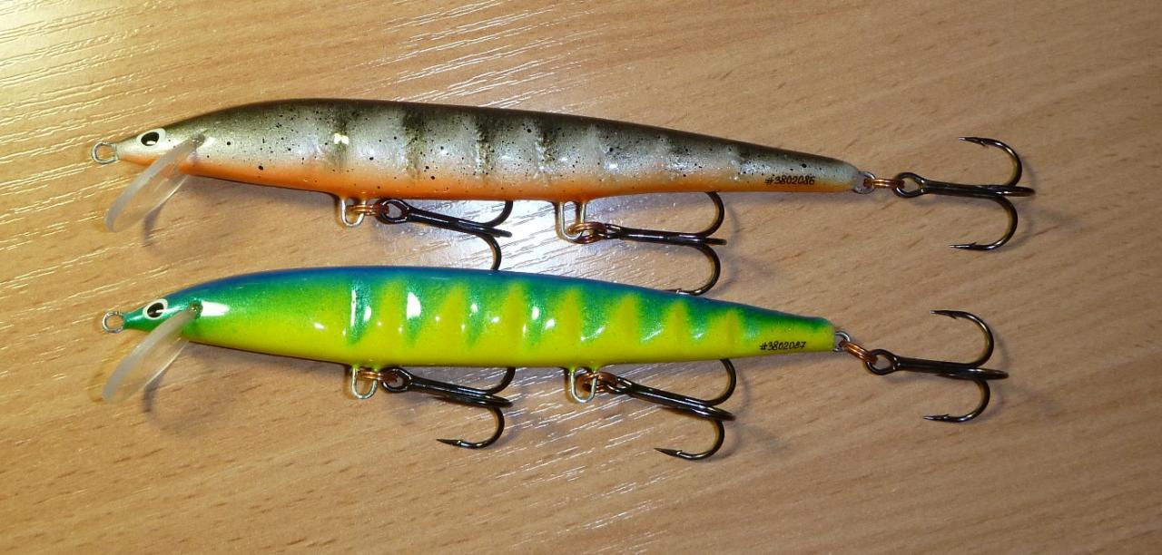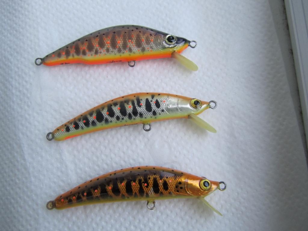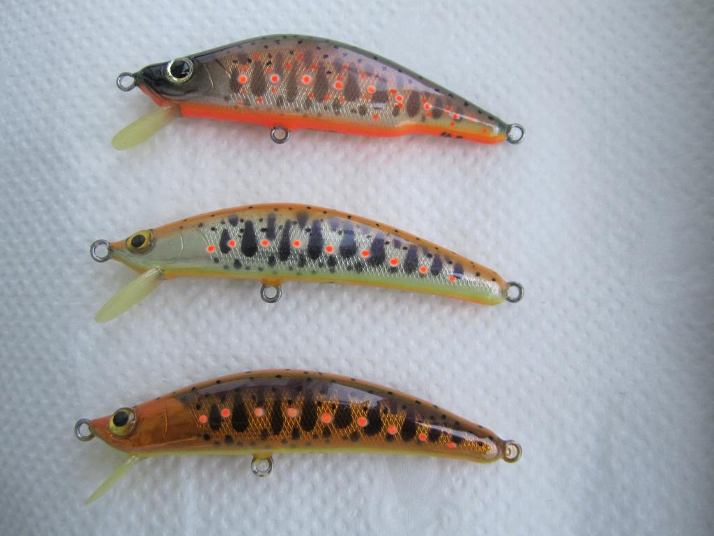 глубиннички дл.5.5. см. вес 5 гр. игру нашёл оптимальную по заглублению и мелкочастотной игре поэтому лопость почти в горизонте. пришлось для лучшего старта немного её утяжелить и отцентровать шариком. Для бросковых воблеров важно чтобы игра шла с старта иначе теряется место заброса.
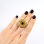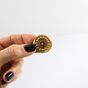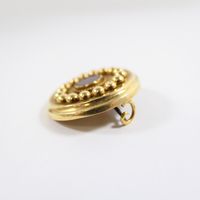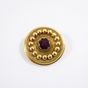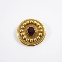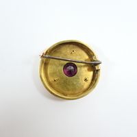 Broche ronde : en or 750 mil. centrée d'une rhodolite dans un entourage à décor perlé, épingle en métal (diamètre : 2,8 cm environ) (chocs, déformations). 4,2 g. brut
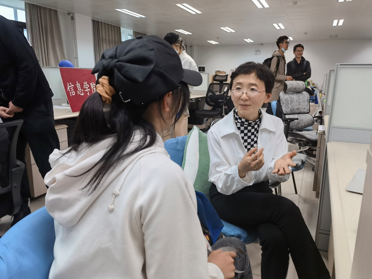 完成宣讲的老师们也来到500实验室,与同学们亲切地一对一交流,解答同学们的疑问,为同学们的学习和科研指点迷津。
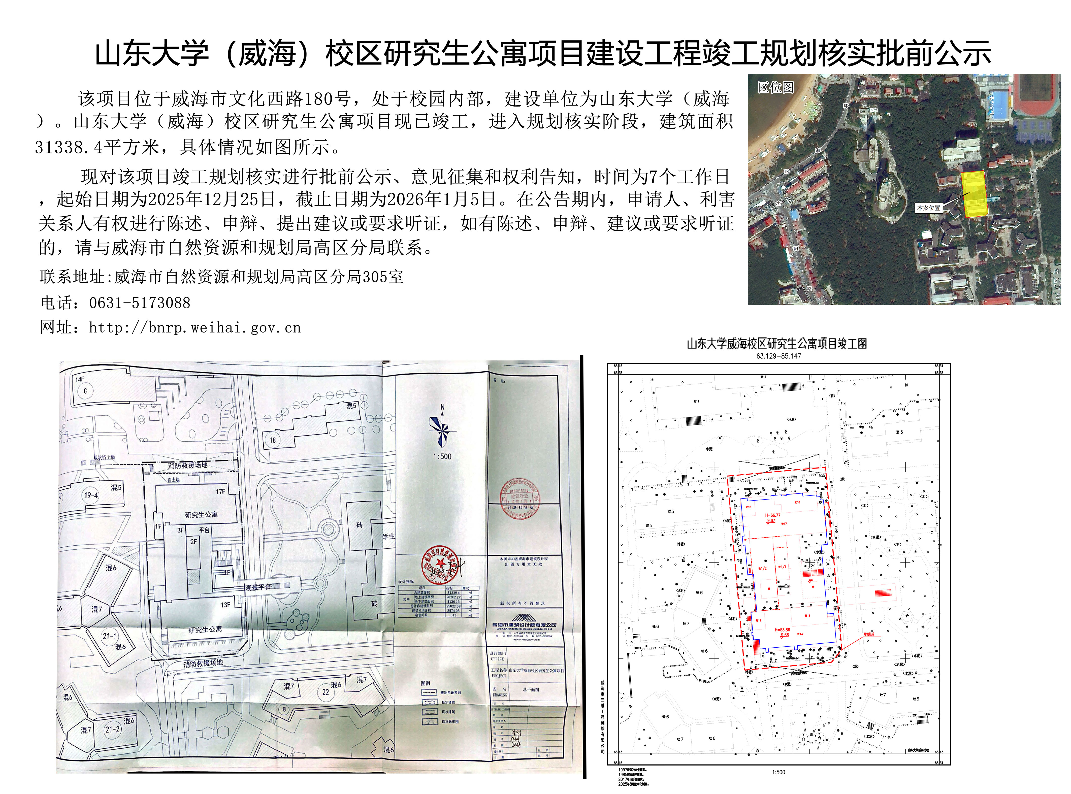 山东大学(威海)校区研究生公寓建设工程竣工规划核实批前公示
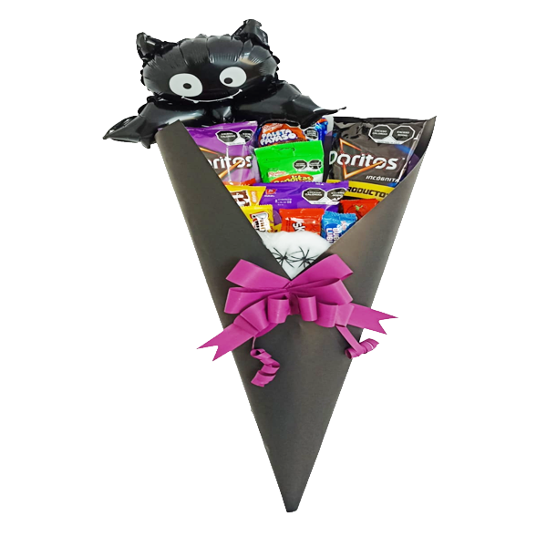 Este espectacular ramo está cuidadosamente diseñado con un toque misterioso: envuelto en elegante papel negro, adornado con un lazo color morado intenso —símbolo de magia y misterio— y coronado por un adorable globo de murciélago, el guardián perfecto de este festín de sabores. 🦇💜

▬▬▬▬▬▬

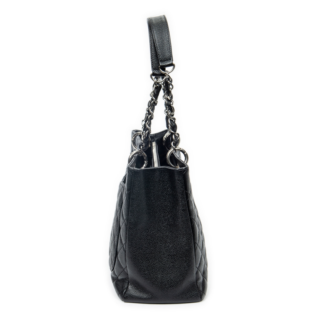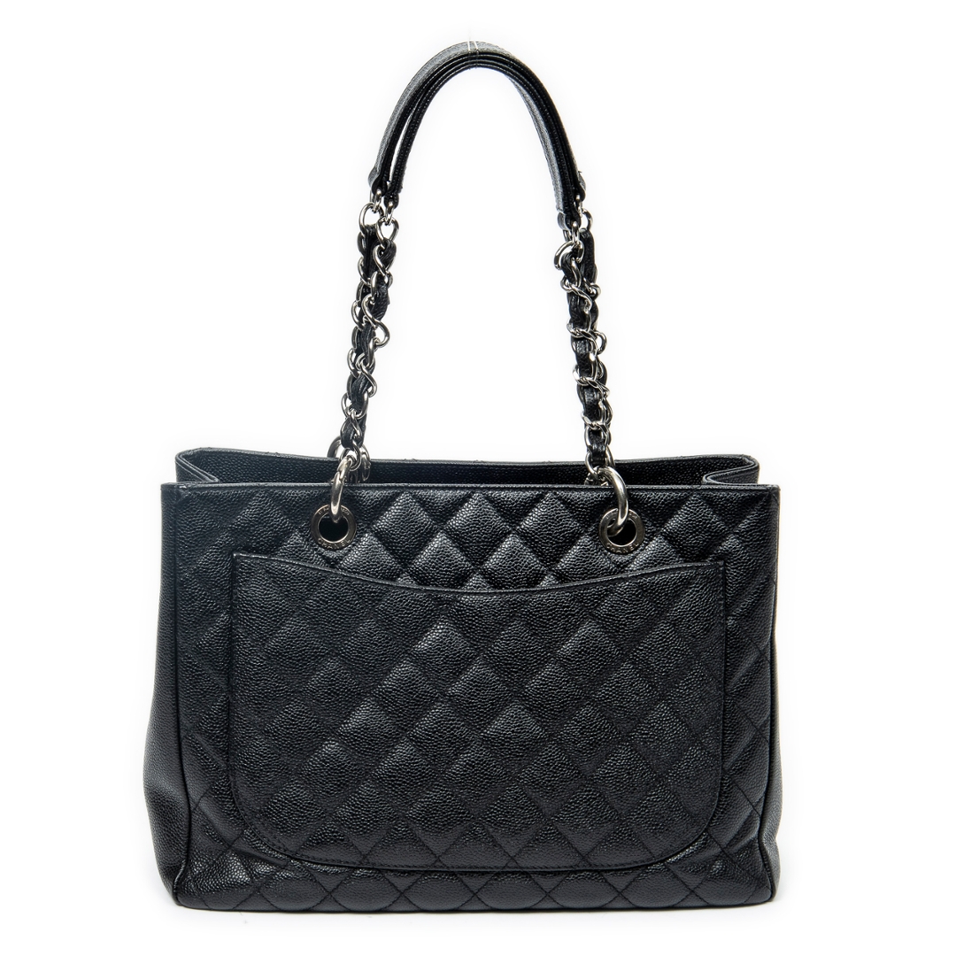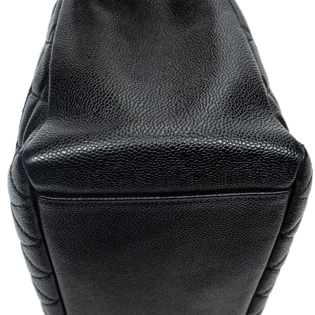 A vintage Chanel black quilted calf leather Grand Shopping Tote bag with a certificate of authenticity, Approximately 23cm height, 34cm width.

▬▬▬▬▬▬

● **Problem details**
Using the data above, which lines fall from the one with "山东大学(威海)校区研究生公寓建设工程竣工规划核实批前公示" through the one with "Este espectacular ramo"? Repeat them exactly, ends included, minus any pictures.

● **Problem solution**
 山东大学(威海)校区研究生公寓建设工程竣工规划核实批前公示
 Este espectacular ramo está cuidadosamente diseñado con un toque misterioso: envuelto en elegante papel negro, adornado con un lazo color morado intenso —símbolo de magia y misterio— y coronado por un adorable globo de murciélago, el guardián perfecto de este festín de sabores. 🦇💜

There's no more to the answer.